Want to style like Cornbread Cowboi? A peek inside SC influencer’s closet

Orry Lee has built a massive online following with his mix of humor and nostalgia on social media. But the man with more than 900,000 followers known as the Cornbread Cowboi has also become something of a fashion icon.

Lee has become recognized and recognizable for his outfits that call to mind a certain kind of Southern gentleman, with a taste for vintage clothes and a throwback look to the ‘70s or ‘80s that’s making a comeback in the digital age.

“I’ve never been into matching,” Lee said while looking through the clothes in his closet, contrasting a green hat with his white shirt. “You’d go to school, and get made fun of, like, ‘you’re not matching.’ ... but I’ve never followed trends. I still don’t.”

But Lee’s fashion sense started evolving as early as his school days when he started playing sports. When he got his team’s blue and yellow uniform, he insisted on getting blue cleats and wearing a yellow turtleneck underneath to complete the ensemble. He remembers naming football player and flashy dresser Deion Sanders as his “hero” in the fourth grade.

“A lot of my role models were athletes,” he said.

He credits his current style — showcased in Lee’s widely-viewed social media videos and heavy on vintage clothes and an old-school, blue-collar Southern aesthetic — with influences ranging from Hank Williams Jr. to his father and grandfather in the small town of Williston, S.C.

“I’ve always been my own person when it comes to style. It goes back to my roots,” Lee said. “I’m not dressed like I’m at a disco. I like country music”

He hopes that all of the attention on his videos on sites like Tiktok and Instagram, and the way he dresses in them, will inspire his male viewers to give a second look to how they dress. “I want to be, not a beacon of light to the Southern man, but I want to let you know you can take pride in how you dress,” Lee said.

During The State’s visit to Casa Cornbread, he wore a Richard Petty t-shirt and a Quaker State cap with a pair of snake-skin boots, a fairly typical Cornbread outfit. His closet features more shirts of Petty, Merle Haggard and Cale Yarborough (representing Timmonsville, S.C.), plus several takeoffs of Burt Reynolds — Smokey and the Bandit, Skoal Bandit Racing and the old Tampa Bay Bandits USFL team.

Lee finds some of his clothes in local thrift shops, which can often have a well-loved item at a bargain. But he also searches the internet for rare finds, and he has some custom-made and tailored items in his repertoire as well.

He says finding older clothes, either through thrift stores or online, tend to be longer lasting and more form-fitting than clothes today.

“It’s half-polyester, half-cotton, so it’s very stretchy,” Lee said. “When I tuck them in, they fit close to my body, it shows your shape, but it looks good.”

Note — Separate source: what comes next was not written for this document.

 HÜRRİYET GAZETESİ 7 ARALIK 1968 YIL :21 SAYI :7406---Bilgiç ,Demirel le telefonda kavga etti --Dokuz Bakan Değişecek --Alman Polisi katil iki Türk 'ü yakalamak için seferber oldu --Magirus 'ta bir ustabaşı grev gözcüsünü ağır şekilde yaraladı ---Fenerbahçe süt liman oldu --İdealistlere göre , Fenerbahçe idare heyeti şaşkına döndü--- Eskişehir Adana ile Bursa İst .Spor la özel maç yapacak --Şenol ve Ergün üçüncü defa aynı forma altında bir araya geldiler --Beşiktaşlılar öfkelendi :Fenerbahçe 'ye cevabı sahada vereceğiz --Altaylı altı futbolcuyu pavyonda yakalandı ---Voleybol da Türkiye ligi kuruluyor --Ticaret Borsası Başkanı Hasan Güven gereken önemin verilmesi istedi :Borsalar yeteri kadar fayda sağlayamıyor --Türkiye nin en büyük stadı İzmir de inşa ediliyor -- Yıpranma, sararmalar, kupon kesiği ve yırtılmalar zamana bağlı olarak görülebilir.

While Lee remembers older men being sticklers for grooming and appearance when he was growing up — “pull up your pants, tuck your shirt in” — he doesn’t see many men today worry as much about what they wear.

“It seems like a lot of guys don’t care about how they dress, or their wife buys their clothes,” he said. “But I call it looking good, and there are a lot of ways for men like myself to look good... and a manly way of dressing to take pride in how you look.”

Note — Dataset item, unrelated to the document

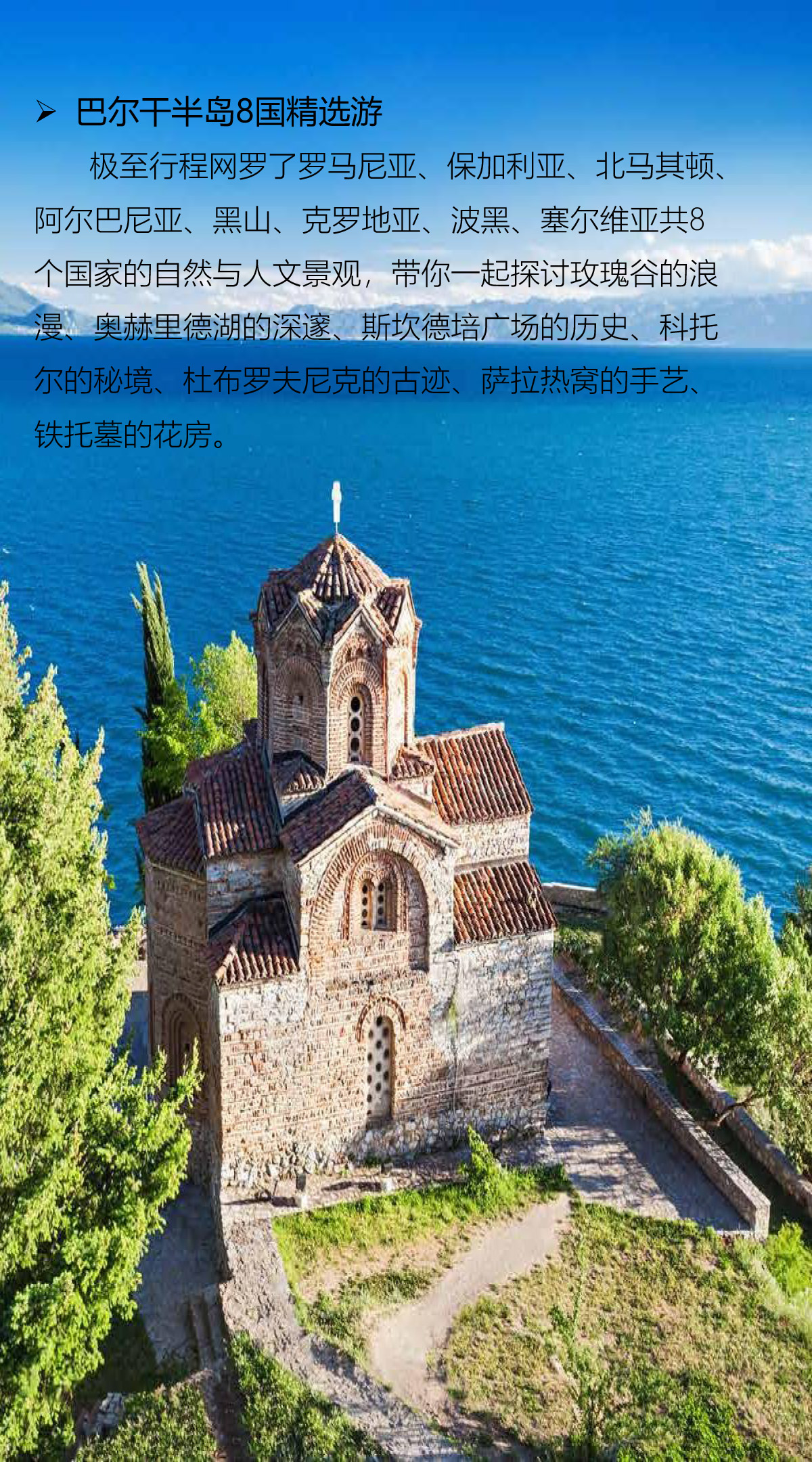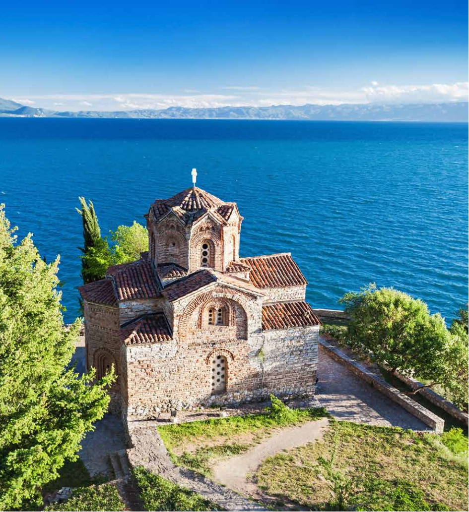 前往巴尔干半岛的第二大湖-奥赫里德湖,湖岸陡峭、群山环抱的景色尤为静谧;游览湖畔上的圣约翰教堂。

It can take a while to compile a similar sartorial experience — “I didn’t start out with this closet of Southern gold,” Lee says — but it doesn’t have to be expensive. Lee said many of his clothes were bought for the price tag of a nice dress shirt at a major retailer, and “shirts back then were made to last a lifetime.”

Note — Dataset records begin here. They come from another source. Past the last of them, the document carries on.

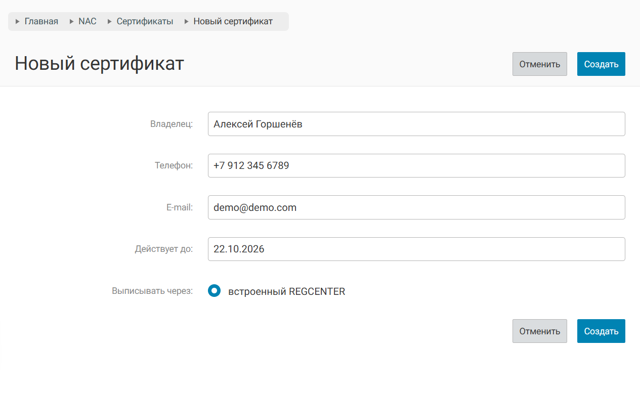 Если в вашем Удостоверяющем Центре WNAM 2 есть хотя бы один сертификат типа REGCENTER (с закрытым ключом), вы можете вручную создавать в нём сертификаты для абонентов, которые будут проходить авторизацию подключений через EAP-TLS. Для этого в меню "NAC контроль сетевого доступа" → "Сертификаты" необходимо нажать кнопку "Новый сертификат" и заполнить все поля (наименование владельца сертификата, номер телефона и e-mail). После заполнения всех полей следует нажать кнопку "Выписать"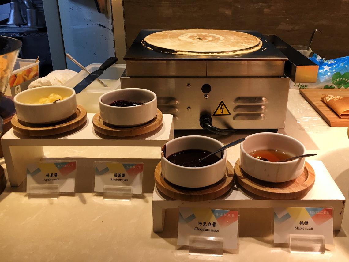 現做可麗餅看起來偏台式脆餅皮,有果醬、巧克力醬等配料,或是走到旁邊冰櫃加一球冰淇淋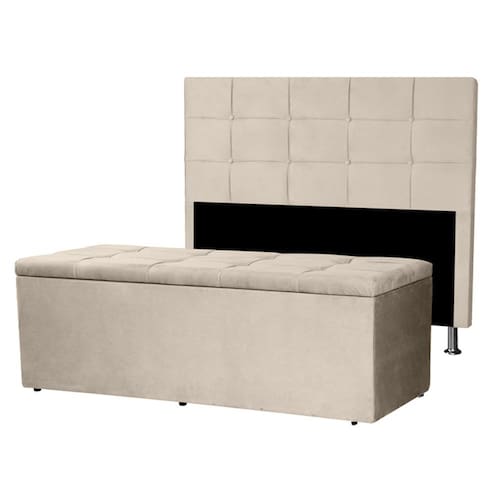 Kit Cabeceira e Calçadeira Baú Casal 1,40m Roma Suede Bege - Pallazio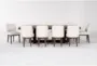 Enhance your dining experience with the Palazzo Brown Natural Rectangular Solid Pine Wood 106" Dining Table with Side Chair Set for 10. This rustic dining set features a spacious table that comfortably seats ten, perfect for hosting family gatherings or dinner parties. The natural finish of the solid pine wood adds a warm and inviting touch to your dining room or kitchen.

That aesthetic informs the branded offerings at Lee’s own CornbreadCountryClub.com.

But other pieces are more specialized. Lee owns two belts emblazoned with his name and the word “Cornbread,” with his own logo designed by his brother. A family in El Paso made several pairs of cowboy boots for him, and his channel has a deal with BluBlocker sunglasses, which the Cowboi can be seen wearing in many of Lee’s videos.

“The way I feel is, when I buy a piece of clothing, like a belt, from an artist, you’re supporting that artist,” Lee said.

The men of South Carolina don’t have to dress exactly like the Cornbread Cowboi, but Lee hopes his curated closet encourages others to take a look at their own wardrobe, if only for their own enjoyment.

“If you look good, you feel good,” Lee said.